§ **DATA PROVIDED**

- - - - -

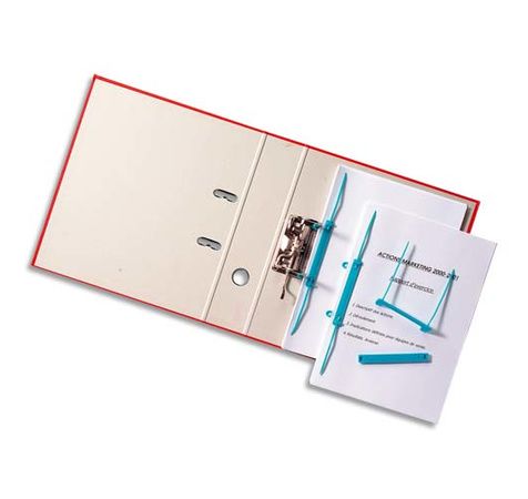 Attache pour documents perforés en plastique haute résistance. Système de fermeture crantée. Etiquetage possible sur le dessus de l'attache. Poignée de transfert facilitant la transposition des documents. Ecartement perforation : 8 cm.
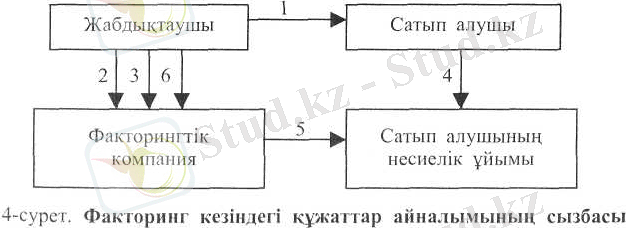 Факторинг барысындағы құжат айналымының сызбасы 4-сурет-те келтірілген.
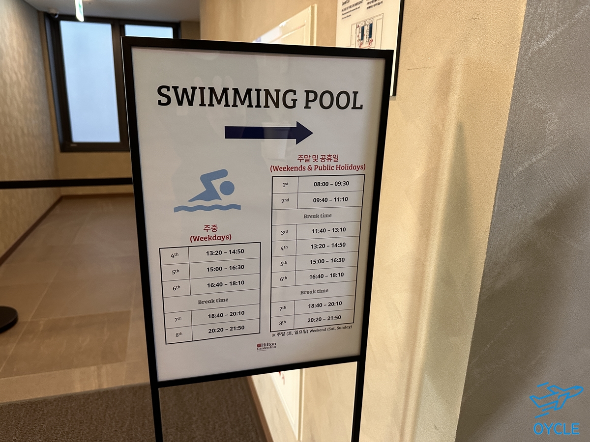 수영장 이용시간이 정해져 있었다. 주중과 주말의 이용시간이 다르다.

- - - - -

§ **WORK TASK**
Your reply should consist of the data, transcribed exactly, and should hold no pictures.

§ **SOLVED EXERCISE**
 Attache pour documents perforés en plastique haute résistance. Système de fermeture crantée. Etiquetage possible sur le dessus de l'attache. Poignée de transfert facilitant la transposition des documents. Ecartement perforation : 8 cm.
 Факторинг барысындағы құжат айналымының сызбасы 4-сурет-те келтірілген.
 수영장 이용시간이 정해져 있었다. 주중과 주말의 이용시간이 다르다.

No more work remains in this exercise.